Их встретило стройное пение, запах ладана и оплывших свечей и неяркий, закатный даже днем, тихо мерцающий свет… Тесный храм с почти плоским потолком, с нешироким и небогатым иконостасом был переполнен.
Толпа сгрудилась, слилась в одно – дышала, слушала, пела, крестилась… Они пробрались к боковому притвору, где, окруженные надзирательницами, стояли воспитанницы в одинаковых платьях и одинаковых праздничных пелеринках; даже здесь, в толпе, они казались легкими, воздушными, прекрасными…

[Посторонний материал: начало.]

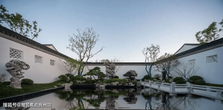 园内设置七处景观组团,以中国各大古典名园为借鉴,并融入宋代的雅致生活韵味。宋式园林更强调“精而造疏,简而意足”,擅以意山水画为蓝本、以画设景,诗词为主题。步履其中,移步换景,步步生趣。花园组团规模扩大,户户有景,各自成趣,或临廊听雨,或观亭赏风,居住更为诗意。
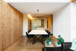De klant heeft deze compacte bestaande halfopen bebouwing 100% zelf verbouwd tot -beter als passief- niveau. Met zeer dikke isolatiepakketten in daken en wanden, een groot raam met (vanzelfsprekend) drievoudige beglazing aan de zuidzijde. Qua technieken is de woning voorzien van een lucht-waterwarmtepomp met zonneboiler. PV-panelen met batterijen. En een balansventilatie met warmterecuperatie, klaar voor de toekomst dus…

У Никиты Всеволожского предметом была Овошникова – пятнадцатилетняя воспитанница – с русыми косами, бледным личиком и тонкими выгнутыми бровями; молча и неотрывно издали смотрела она на него, потом показала ладанку, где хранилась прядь его каштановых, мягких волос. Она бледнела от наплыва чувства, и в широко раскрытых ее глазах можно было прочитать дальнейшую ее судьбу: роман начался, когда ей не исполнилось и тринадцати, теперь она окончит школу, он снимет для нее квартиру, и она посвятит ему жизнь.
У Мансурова предметом была воспитанница Крылова.
А Пушкин неотрывно следил за истово молившейся Сашенькой Колосовой. Теперь он усиленно ухаживал за ней.
Генерал-бас густо протянул: «Иже херувимы…» Служба заканчивалась. Прикладывались к иконам. Народ повалил из церкви.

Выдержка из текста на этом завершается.